5101:3-51-03 HOME choice ("Helping Ohioans Move, Expanding Choice") demonstration program: conditions of participation for providers.

This rule sets forth the conditions of participation for providers furnishing demonstration, supplemental and qualified services to HOME choice demonstration program participants.

(A) Demonstration and supplemental services.

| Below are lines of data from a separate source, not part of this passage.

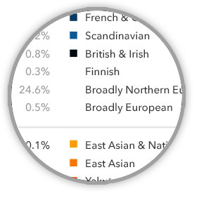Pour des questions réglementaires 23AndMe ne propose plus pour le moment de déterminer les maladies que ses clients sont susceptibles de développer, mais l'entreprise fournit toujours des statistiques sur les origines probables de la personne. On peut ainsi voir quel pourcentage de son ADN provient des populations sub-sahariennes, européennes, asiatiques, scandinaves, françaises, russes, corses… plus 23AndMe a d'éléments de comparaison, plus il peut être précis dans la détermination du profil. La société dit être capable de remonter 750 lignées maternelles et plus de 500 lignées paternelles.
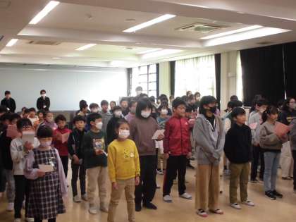 今月の歌「ともだちは いいもんだ」を全員合唱しました。多目的室では、きれいな音色が響いていました。
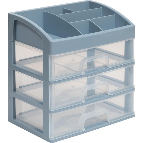 Органайзер для косметики 3 ящика (серо-синий/прозрачный)
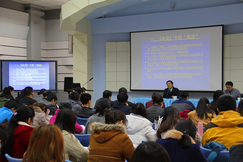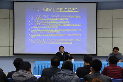 3月6日,应学院邀请,中国社会科学院法学研究所莫纪宏教授来我校教师发展中心作了题为《依法治国关键是依宪治国》的学术报告。学院部分教师和学生约150人参加了报告会。报告中,莫纪宏教授解释了“依宪治国”作为一个重要的法学范畴在我国法学研究的形成和演变,随着社会的发展和社会共识的达成,依宪治国更是成为我国依法治国战略中的重要内容;接着澄清了依宪治国在一般观念中存在的模糊和误区,厘清了依宪治国在依法治国中的作用和意义;随后强调了培养宪法思维的重要性,一定要将依宪治国真正落实到实处,推动依法治国事业取得更大的成果。
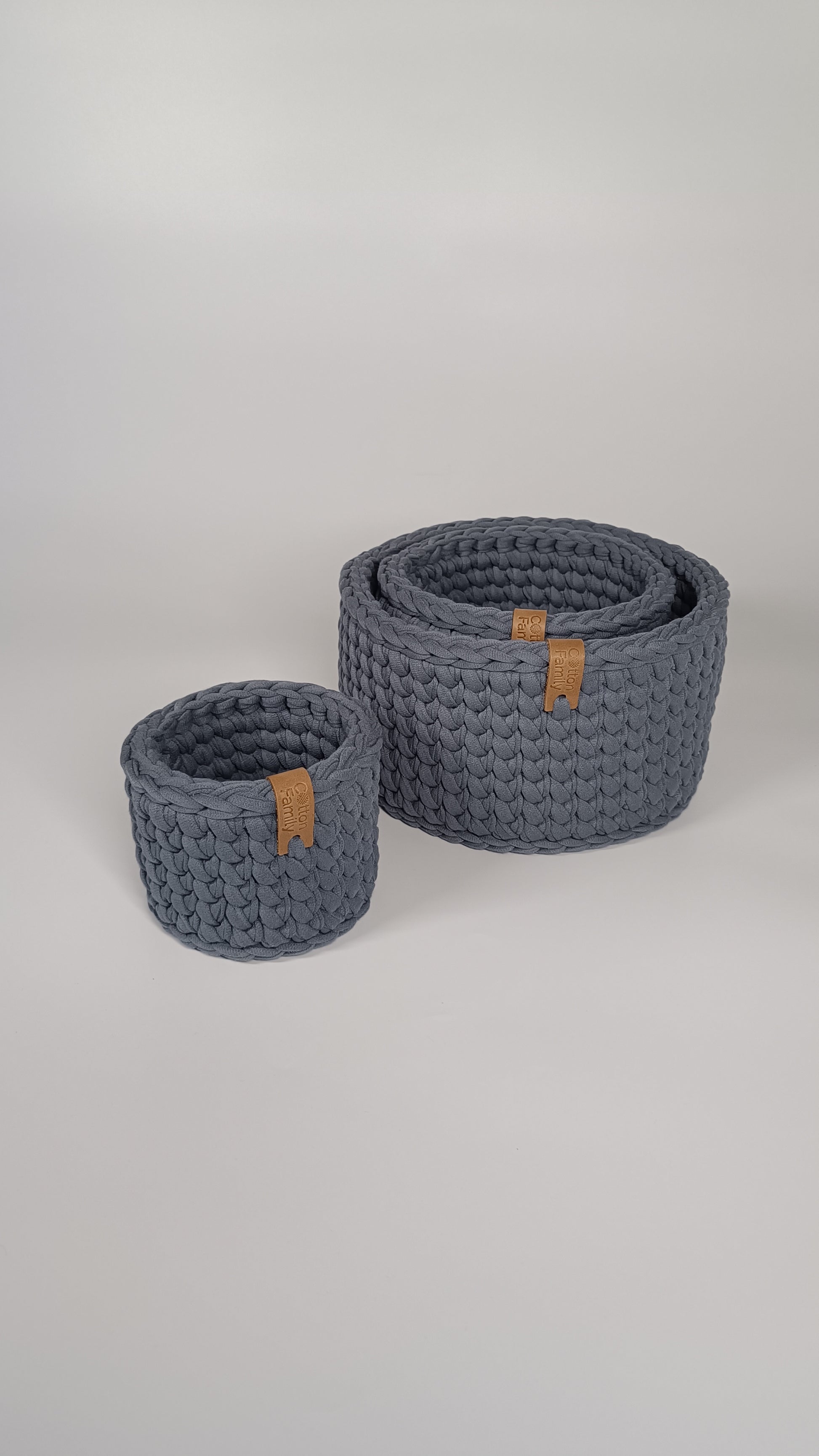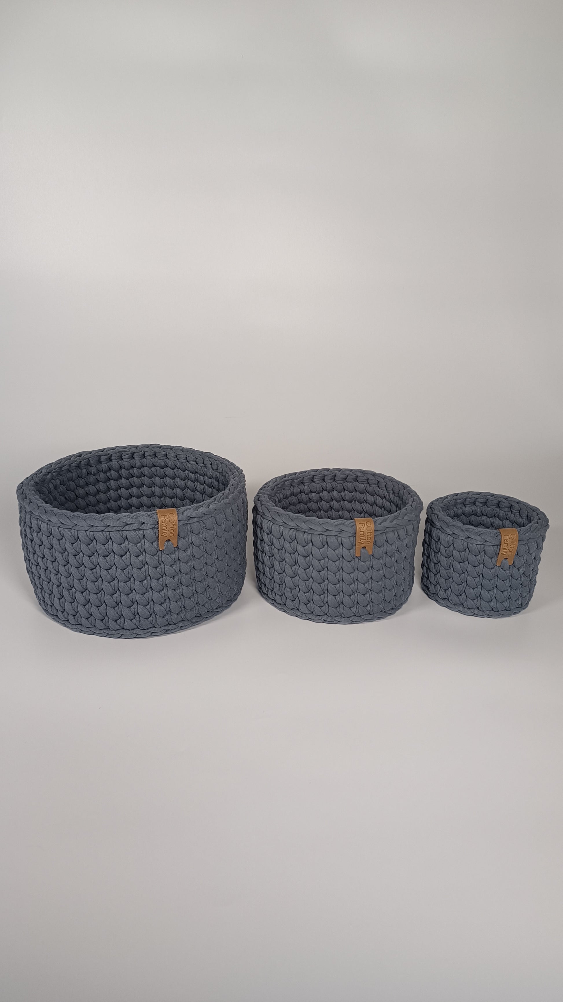 CLASSIC Set — Storm | Handmade Round Crochet Storage Baskets (Set of 3)

(1) All providers of demonstration and supplemental services to participants enrolled on the HOME choice demonstration program shall:

(a) Meet all requirements in the applicable provider service specifications set forth in rule 5101:3-51-04 of the Administrative Code, and provider enrollment criteria set forth in rule 5101:3-51-05 of the Administrative Code.

(b) As applicable, comply with the criminal records check requirements set forth in:

(i) Rules 5101:3-45-07 and 5101:3-45-08 of the Administrative Code if the provider is approved by ODJFS;

(ii) Rule 173-41-01 of the Administrative Code if the provider is certified by the Ohio department of aging(ODA);

(iii) Rule 5123:2-1-05 or 5123:2-1-05.1 of the Administrative Code, as applicable, if the provider is certified by the Ohio department of developmental disabilities (DODD); or

(iv) Rules 5122-30-03 and 5122-30-04 of the Administrative Code, or rule 5122-26-06 of the Administrative Code, as applicable, if the provider is certified by the Ohio department of mental health(ODMH).

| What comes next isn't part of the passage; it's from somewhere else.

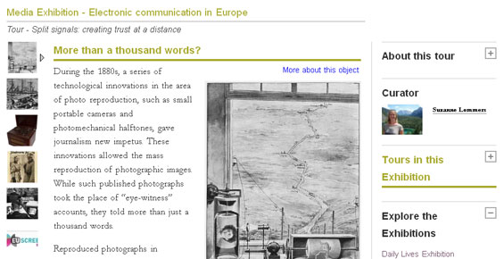 The Inventing Europe website currently offers 6 exhibitions and 34 tours. Each tour is a collection of 4 to 6 stories and outlines an aspect of the history of technology in Europe. The exhibitions group together a few tours around a specific technology theme, such as Daily Lives, Media & Communications, Knowledge Societies, Infrastructure, Globalisation & Governance.

(c) Attend ODJFS-sponsored HOME choice demonstration program provider training sessions.

(d) Assure participants receive HOME choice demonstration program services in accordance with their all services plan, service plan, individual service plan (ISP) or non-waiver HOME choice demonstration service plan, as appropriate.

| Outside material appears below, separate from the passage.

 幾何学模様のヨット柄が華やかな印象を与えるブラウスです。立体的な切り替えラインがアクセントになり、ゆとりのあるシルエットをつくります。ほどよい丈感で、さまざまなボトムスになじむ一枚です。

(e) Upon request and within the timeframe prescribed in the request, provide all information to the state agency administering the HCBS waiver on which the HOME choice demonstration program participant is enrolled, or ODJFS if the HOME choice demonstration program participant is not enrolled on an HCBS waiver, and to CMS and the entity under contract with ODJFS to provide HOME choice financial management services (FMS).

(f) Comply with all federal and state privacy laws, including the health insurance portability and accountability act (HIPAA) regulations set forth in 45 C.F.R. parts 160, 162 and 164 (as in effect on the effective date of this rule), and the medicaid confidentiality regulations as set forth in 42 C.F.R. 421.300 to 42 C.F.R. 306 (as in effect on the effective date of this rule), and sections 5101.26 to 5101.28 of the Revised Code.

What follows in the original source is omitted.